Outre le rôle dévolu aux Etats-Unis et la présence, à Pékin comme à Taipei, de dirigeants suffisamment clairvoyants pour imaginer des compromis et suffisamment forts pour les imposer, Linda Jakobson cite encore, au nombre des conditions à réunir, une réforme démocratique sur le continent, l'intégration économique entre les deux rives et le sentiment d'appartenir, de part et d'autre, à une « Grande Chine ». Des objectifs certes lointains qui amènent la sinologue finlandaise à préconiser, dans l'intervalle, des gestes de bonne volonté de nature à détendre l'atmosphère. Elle recommande ainsi aux autorités chinoises d'associer Taiwan à la célébration des Jeux olympiques de 2008 en lui laissant, à titre symbolique, l'organisation d'une épreuve, celle du base-ball, par exemple, un sport dont on connaît la popularité dans l'île mais qui, en revanche, laisse largement indifférents les Chinois du continent. Linda Jakobson considère aussi qu'une participation taiwanaise à l'une des prochaines missions spatiales chinoises contribuerait non seulement à resserrer la coopération technique et scientifique entre les deux rives mais aussi à nourrir ce fameux sentiment d'appartenance à une « Grande Chine », si l'on en juge par la ferveur patriotique soulevée à Hongkong par la visite de Yang Liwei [楊利偉], le premier astronaute chinois. Enfin, un voyage historique à Taipei du Premier ministre chinois, Wen Jiabao [溫家寶], pourrait, selon elle, briser la glace de façon décisive.
Il reste à voir dans quelle mesure la nouvelle direction chinoise à Pékin est prête à lancer de tels signaux. S'il cumule désormais tous les pouvoirs à la tête du Parti, de l'Etat et de l'armée, Hu Jintao n'est pas pour autant parfaitement maître de la situation. Willy Lam estime qu'il sera moins enclin que son prédécesseur, Jiang Zemin, à rechercher les bons offices de Washington, et pense qu'il pourrait se montrer plus agressif sur la question de Taiwan.

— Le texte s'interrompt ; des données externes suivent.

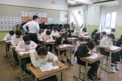 先週,第1回定期テストが終わったばかりですが,本日,3年生は学習確認プログラムを行っています。このテストが終われば,修学旅行が待っています。頑張って乗り切ってください。
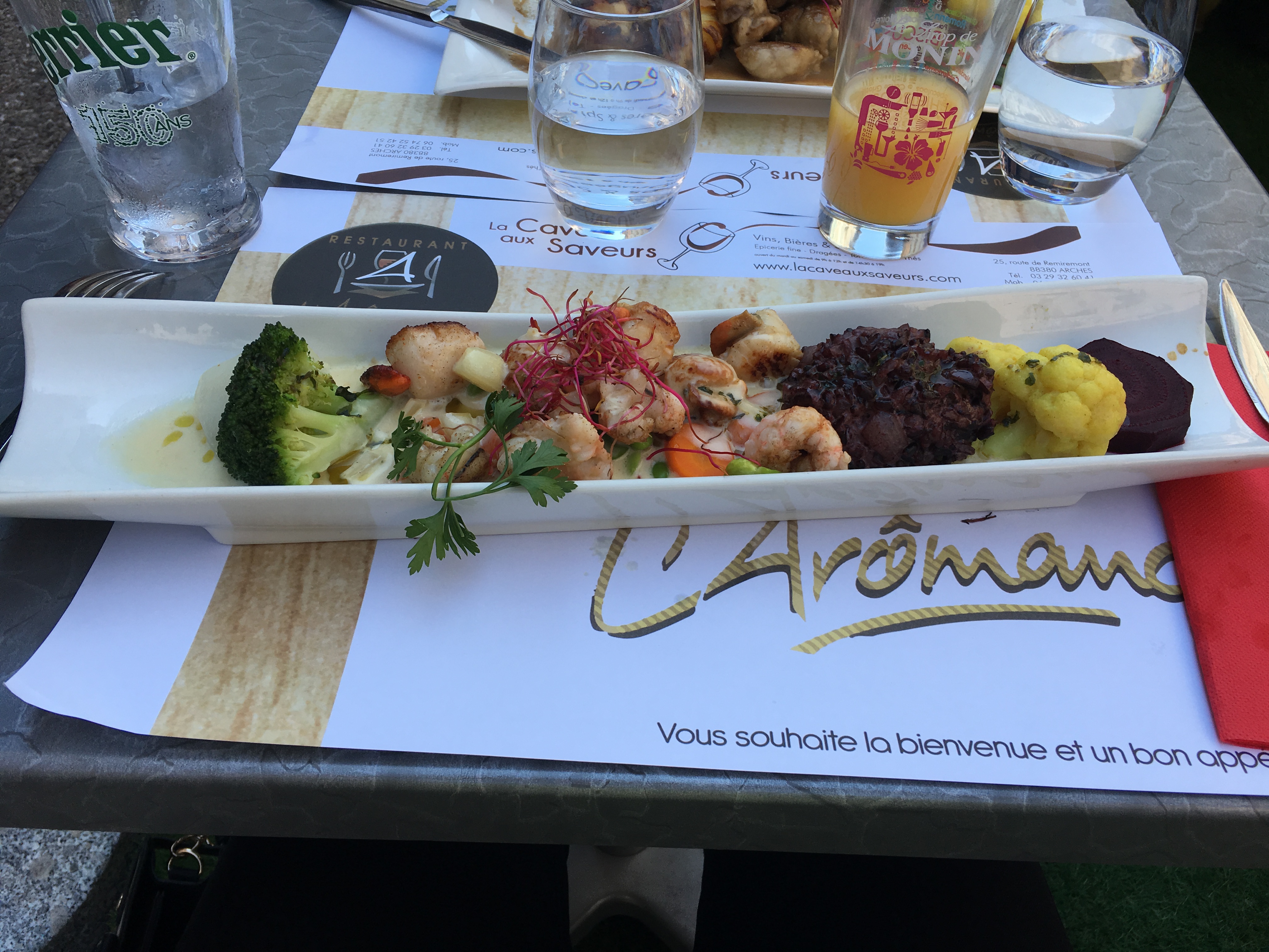 Juste excellent.... salade de ris de veau, st Jacques et langoustines accompagnée d'un vaqueyras blanc... rien que l'idée me donne envie d'y retourner
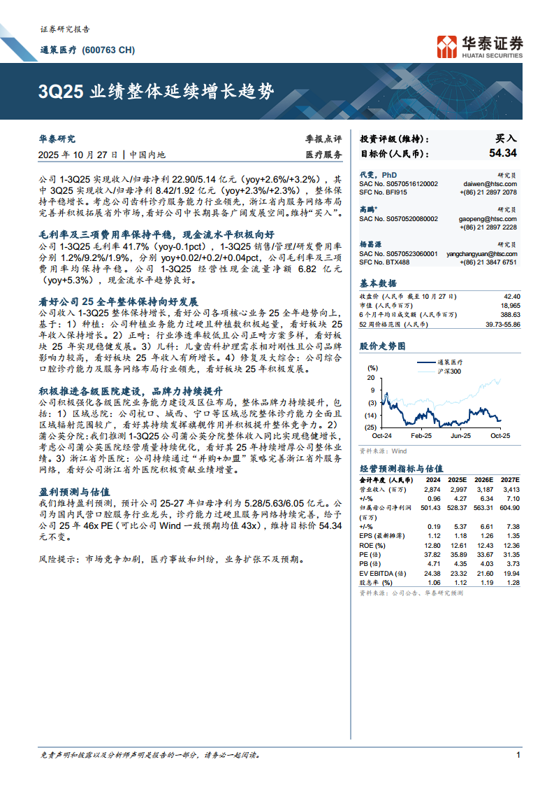 通策医疗(600763):3Q25业绩整体延续增长趋势

En affectant de considérer l'option militaire pour résoudre celle-ci, il s'agit naturellement moins de réellement préparer une offensive contre l'île que de créer les conditions psychologiques favorables à un règlement politique aux conditions de Pékin. Le président chinois fait ainsi d'une pierre deux coups : il donne aux militaires l'illusion de peser dans la balance tout en plaçant la république populaire en position de force pour négocier.

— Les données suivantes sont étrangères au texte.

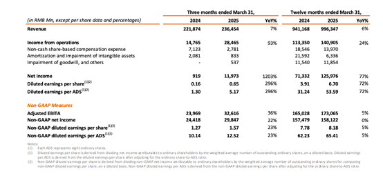 经历两年的结构调整后,阿里的核心电商业务重新回到增长轨道。2025财年收入同比增长6%,经营利润增长24%,淘宝客户管理收入提升12%。即时零售淘即得增强了交易频率,高德地图与饿了么形成流量协同,使本地生活和广告业务的收入质量大幅改善。
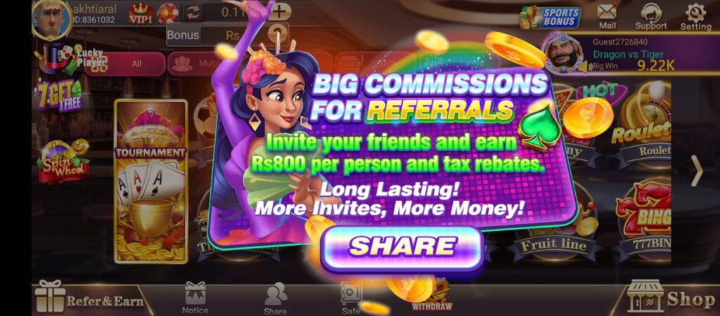 The app includes much more than Teen Patti. Players can enjoy Rummy, Andar Bahar, Dragon Tiger, Poker, and casual games like Ludo and Mines. This variety in gameplay keeps users interested and increases their chances of earning. From high-stakes table games to low-risk fun modes, every user finds something that matches their playing style.
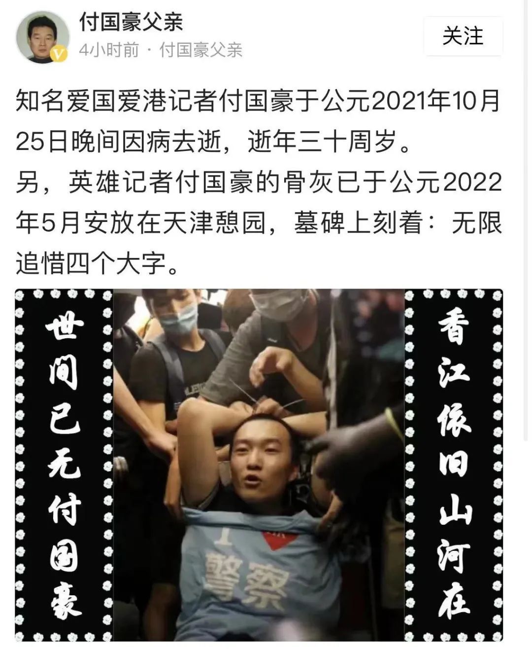 付国豪去世了,年仅30岁。
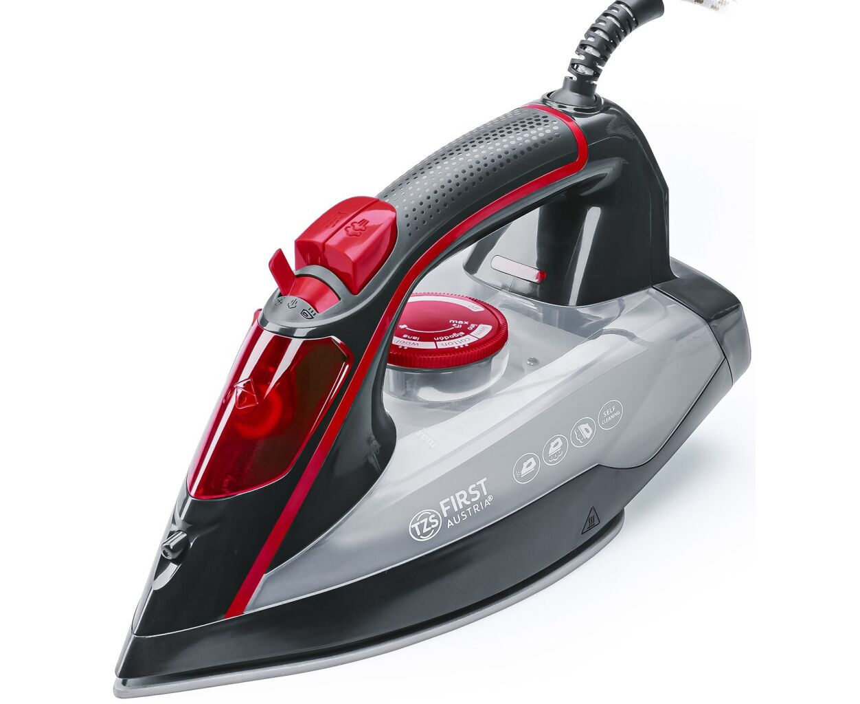 Паровой утюг First FA-5618-6-RE оснащен производительной паровой системой и керамической подошвой. Утюг легко справляется с любыми складками и замятостью уже за один проход. Паровой удар позволяет быстро разгладить вещи из джинса и льна. Для максимального комфорта утюг оснащен длинным шнуром, который не запутывается во время глажки и позволяет дотянуться до любого места на гладильной доске. Мощность 2200 Вт обеспечивает быстрый нагрев подошвы, уже через несколько секунд после включения в сеть утюг готов к работе. Подошва со специальным покрытием легко скользит по любой ткани, не оставляя белых следов и складок. Подошва отличается высокой стойкостью к образованию царапин и потертостей. Носик подошвы имеет заостренную форму, это помогает при проглаживании карманов, рюшей, вытачек, мест вокруг пуговиц. Встроенная функция очистки от накипи позволяет заливать в утюг воду прямо из-под крана. При самоочистке накипь эффективно удаляется с внутренних поверхностей, не оседая на рабочих частях утюга.
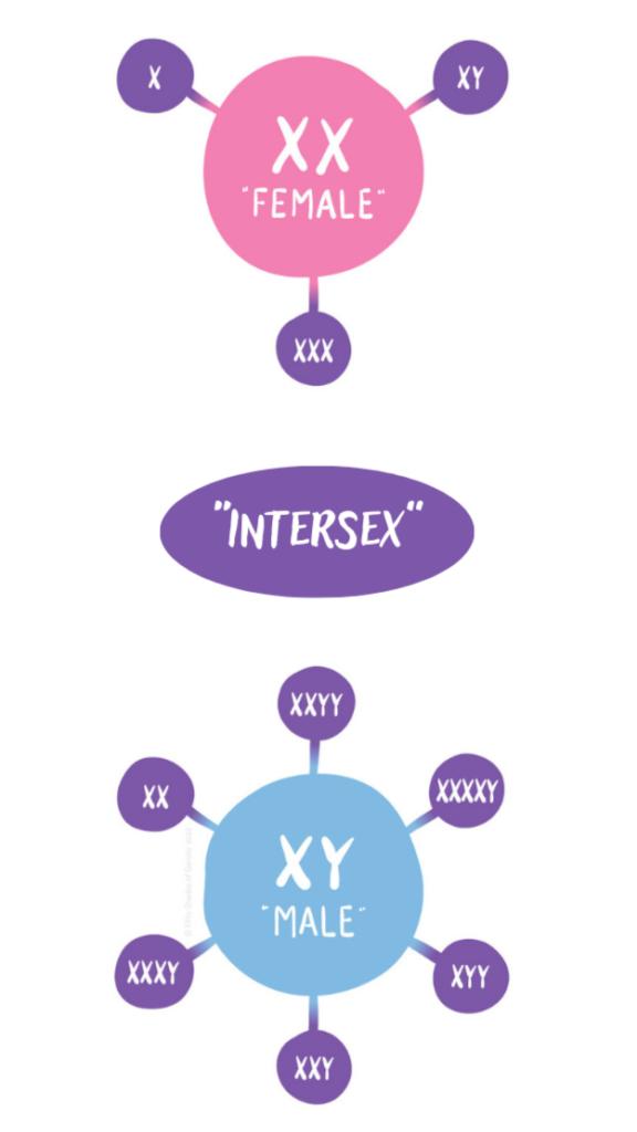 • Les personnes intersexes, c’est-à-dire nées avec des caractéristiques sexuelles (chromosomiques, gonadiques, hormonales ou anatomiques) qui ne correspondent pas strictement aux définitions médicales typiques du féminin ou du masculin
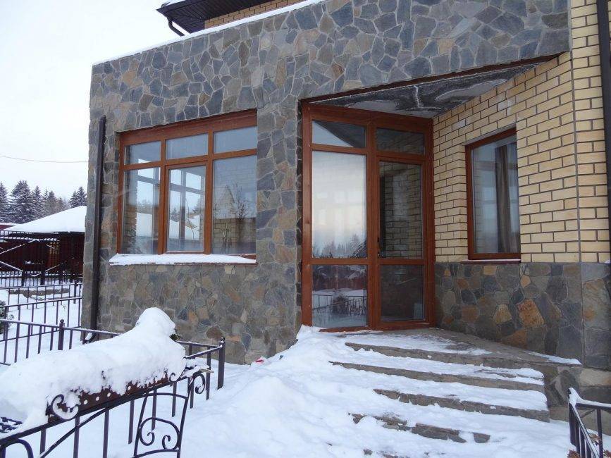 - хороший обзор придомовой территории благодаря наличию стеклянных вставок;

La Chine est dans une situation idéale pour mener ce jeu car, constate Willy Lam comme la plupart des analystes, le temps joue en sa faveur. Pour autant qu'on ne prenne pas à Taipei de décision irrémédiable qui l'obligerait à intervenir militairement et Washington, qui a tout intérêt à empêcher un tel scénario, s'emploie à y calmer les esprits , la Chine peut se contenter d'attendre. Elle cueillera Taiwan comme un fruit mûr le jour où l'évolution politique et socio-économique sur le continent aura suffisamment rapproché les niveaux et styles de vie, où le volume des échanges et le degré d'intégration économique auront rendu l'île et le continent interdépendants, où le pouvoir d'attraction et la force de persuasion de Pékin auront privé Taipei de tout allié diplomatique et de toute existence officielle sur la scène internationale.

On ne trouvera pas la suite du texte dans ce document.